Throughout “At Home,” I kept thinking, “Who knew?” But many’s the time I realized, actually, I did know. If you have any interest in furniture, food, fashion, architecture, energy or world history, chances are you’ve stumbled across some (or all) of the information Bryson has on offer. Countless books have been written on every subject covered in “At Home”; many are credited in the ample bibliography. But while Bryson may not have done much original research, it takes a very particular kind of thoughtfulness, as well as a bold temperament, to stuff all this research into a mattress that’s supportive enough to loll about on while pondering the real subject of this book — the development of the modern world. Very few of us know much about everything, and the appeal of Bryson’s sprawling history is in the warp of the material as much as its weft — in the way the whole thing is strung before it is woven. (And speaking of weaving, in the 17th century “India dominated the cotton trade, as we are reminded by the endless numbers of words that came into English from there: khaki, dungarees, gingham, muslin, pajamas, shawl, seersucker, and so on.”)
Bryson has mastered the art of making sweeping generalizations and bold pronouncements. With the discovery of how to extract rock oil (what we now call petroleum) on an industrial scale, George Bissell “changed the world completely and forever.” The realization that land did not have to be rested between plantings also “changed the world.” “The history of early America is really a history of coping with shortages of building materials.” “If you had to summarize it in a sentence, you could say that the history of private life is a history of getting comfortable slowly.” About guano, used as a fertilizer, “suddenly there was nothing in the world people wanted more.” It must be hard to keep track of so many things. Then again, word processing, and with it the ability to cut and paste with ease, has also changed the world.

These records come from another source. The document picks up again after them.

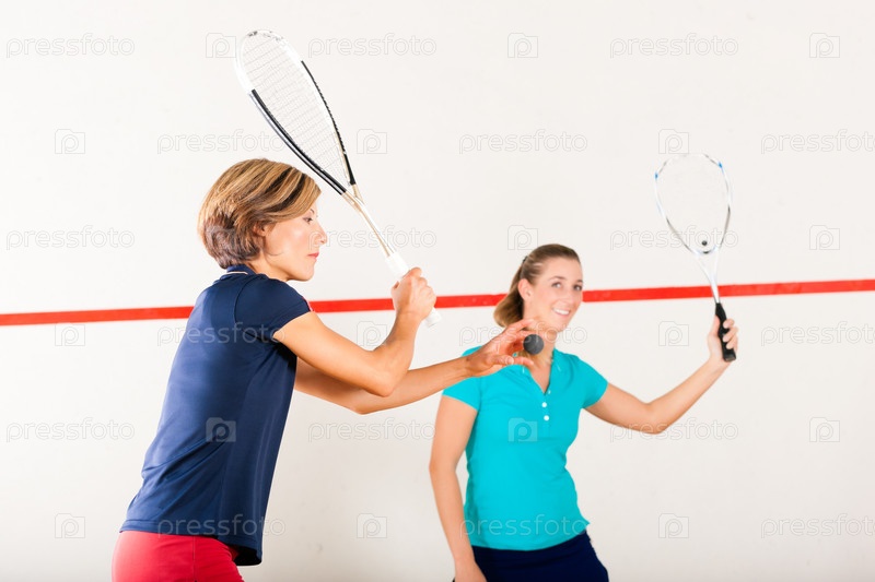 Две женщины играют в сквош в спортивном зале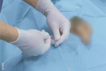 · Insert the catheter into the meatus while holding the retrieval suture taut.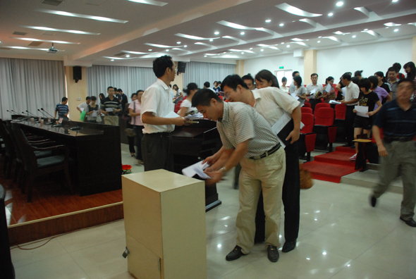 会后,与会代表就我院学习实践活动进行了群众满意度测评投票。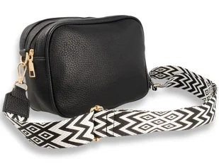 Torebka Damska Listonoszka Na Ramię Czarna z paskiem azteckim

“At Home” is baggy, loose-jointed and genial. It moves along at a vigorously restless pace, with the energy of a Labrador retriever off the leash, racing up to each person it encounters, pawing and sniffing and barking at every fragrant thing, plunging into icy waters only to dash off again, invigorated. You do, somehow, maintain forward momentum and eventually get to the end. Bryson is fascinated by everything, and his curiosity is infectious. As a reviewer, I ought to be concerned with matters of focus and organization. Bryson himself seems to have had moments of anxiety on the matter. “We might pause here for a moment,” he writes, about midway through, “to consider where we are and why.”
Indeed. We have wondered, many times, just exactly where we are and why. By the time he thinks to do a head count, we have just examined the skeleton of the Statue of Liberty, watched the erection of the Eiffel Tower and met the nouveaux riches of the Gilded Age — while standing in the gloomy recesses of a windowless corridor. No matter. Bryson’s enthusiasm brightens any dull corner. I recommend that you hand over control and simply enjoy the ride. You’ll be given a delightful smattering of information about everything but, weirdly, the kitchen sink.